There is a practical side to this shift. KPMG’s survey of UK financial services leaders revealed that over 60 percent planned to increase investment in risk-proofing activities this financial year. What counts as risk-proofing covers a wide span: enhanced scenario planning, upgrading IT infrastructure to resist attacks, bolstering liquidity buffers and even contingency spending on alternative supply routes. Directors talk less about building castles and more about creating nervous systems that can sense and adapt quickly.
And yet, the pressure is real. Almost every risk manager I know admits to a kind of internal tug-of-war between growth aspirations and defensive postures. One general counsel at a tech firm in Cambridge laughed wryly when asked if risk management had become more central over the last two years. He said that if his box of risk registers were ever published as a novel, it would be a tragedy. This sort of grim humour is common in meetings when the word resilience is first raised. But there is admiration, too, for colleagues across industries who have had to reinvent their approaches on the fly.
Operational resilience has transformed from a regulatory buzzword into a strategic imperative.
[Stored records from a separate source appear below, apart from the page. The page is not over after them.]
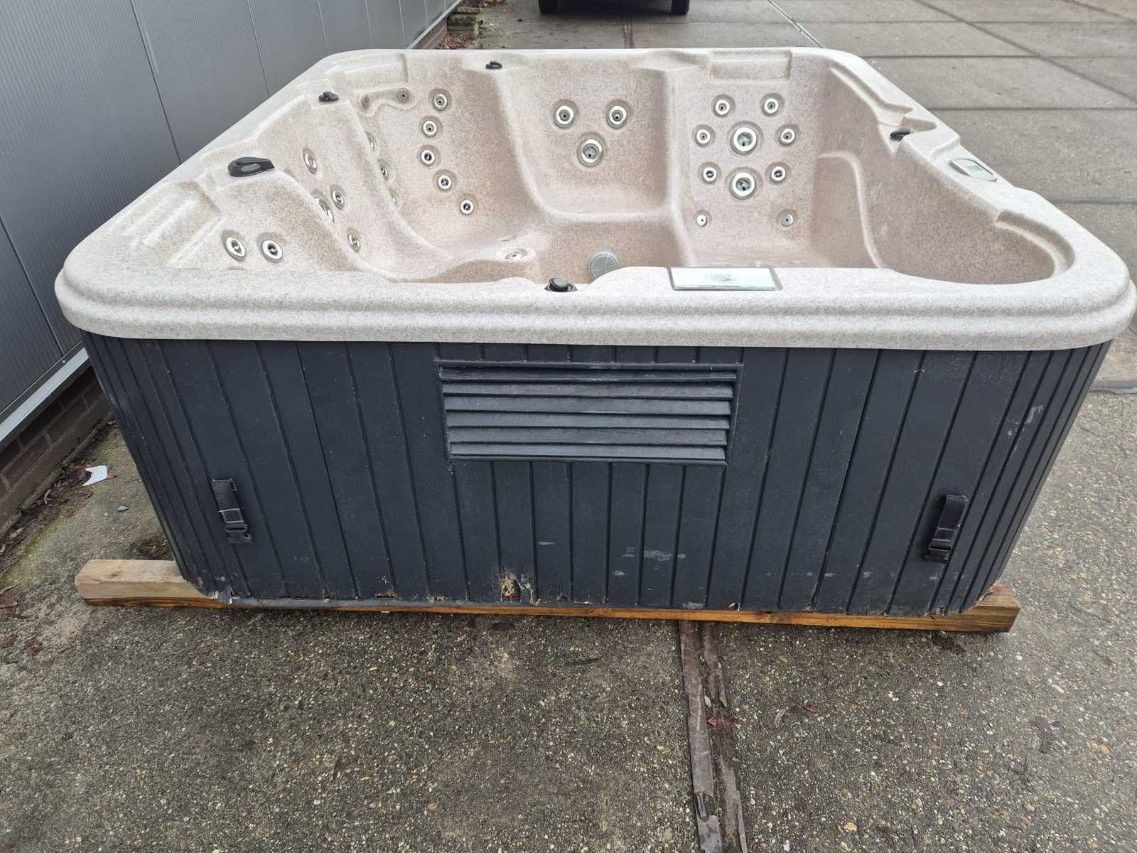 Voorzien van waterval; 2 ligplaatsen; 3 zitplaatsen; nek/schouder massage; automatisch filtersysteem; 1 paneel mist door transport zie laatste foto; Niet getest op functioneren (Marge, geen BTW) Model: 5 persoons Verlichting: Ja Jets: 60 Aantal personen: 5 Lengte: 225cm Breedte: 215cm Hoogte: 87cm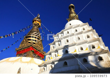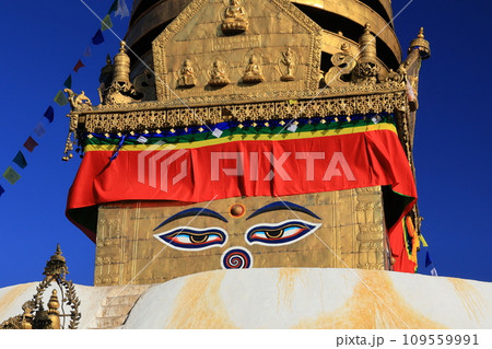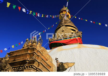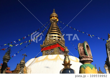 ネパール、カトマンズ、スワヤンブナート、ストゥーパ、タルチョ(五色の祈願旗)巨大なドルジェ(金剛杵)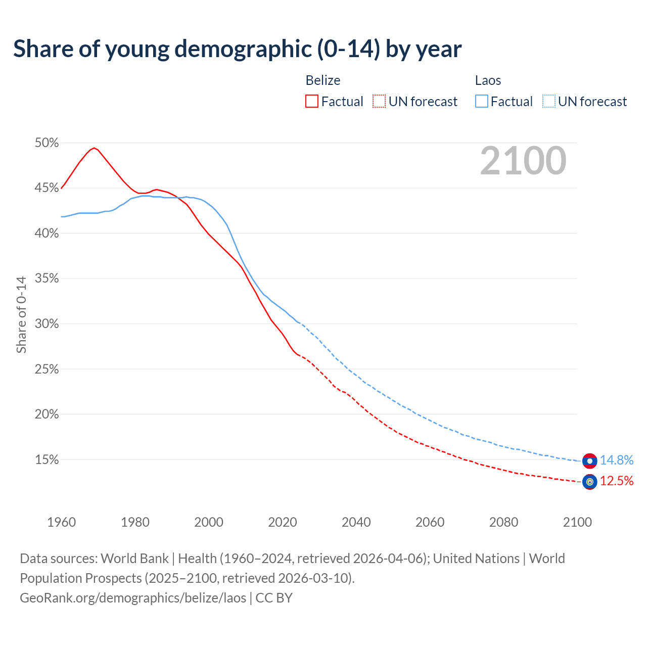 - The share of young demographic (0-15 years old) in Belize is 26.6% vs 30.2% in Laos.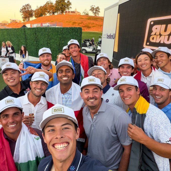 Deze golfers hebben alle redenen om breed te lachen. Na het seizoenafsluitende Korn Ferry Tour Championship kregen ze een US PGA Tour-kaart. Met Adrien Dumont de Chassart rechts vooraan. Chandler Blanchet won het Korn Ferry Tour Championship waar ADdC als 18de finishte.

Reports on the risk landscape for 2026 emphasise that firms must demonstrate robust resilience not just on paper but in governance structures, outsourced relationships and everyday business operations. That subtle shift has pushed many companies to rethink how risk flows through every corner of their organisation rather than sitting in some annexed risk function.
I remember a conversation in Manchester with the CEO of a mid-sized manufacturer who spoke about resilience in terms that echoed an older business wisdom. He said his team had learned more about their vulnerabilities during a brief power outage than they had from endless boardroom briefings on financial ratios. I had nodded then, and I nod now, because what is striking in these months of reporting and wandering between firms is how often resilience turns out to be gained in the everyday strain of unexpected events.
Cyber and AI risks present a distinct twist. The latest Allianz risk barometer shows concern about digital disruption outpacing nearly every traditional worry among UK businesses. Even firms that consider themselves conservative financially are fretting about the cost and fallout of a serious cyber incident. This has pushed boards to treat cyber risk as a financial risk because a breach can quickly translate into regulatory penalties, customer loss, and unexpected expenditures.
What emerges from conversations with people across UK plc is a mosaic of cautious optimism mixed with acute awareness of vulnerability. Boards talk about resilience with the same gravity they once reserved for growth strategies. The nuance now lies in striking a balance. Companies cannot simply batten down the hatches forever; they must invest in innovation, talent and markets even while they defend against disorder.
This is the texture of British corporate risk management today: a conversation that is practical but tinged with uncertainty, where leaders borrow from old playbooks and improvise new ones, all while trying to believe that the next shock will be manageable rather than catastrophic. There is a kind of weary admiration for this moment because, after so many cycles of change, resilience feels as much a cultural stance as a financial strategy.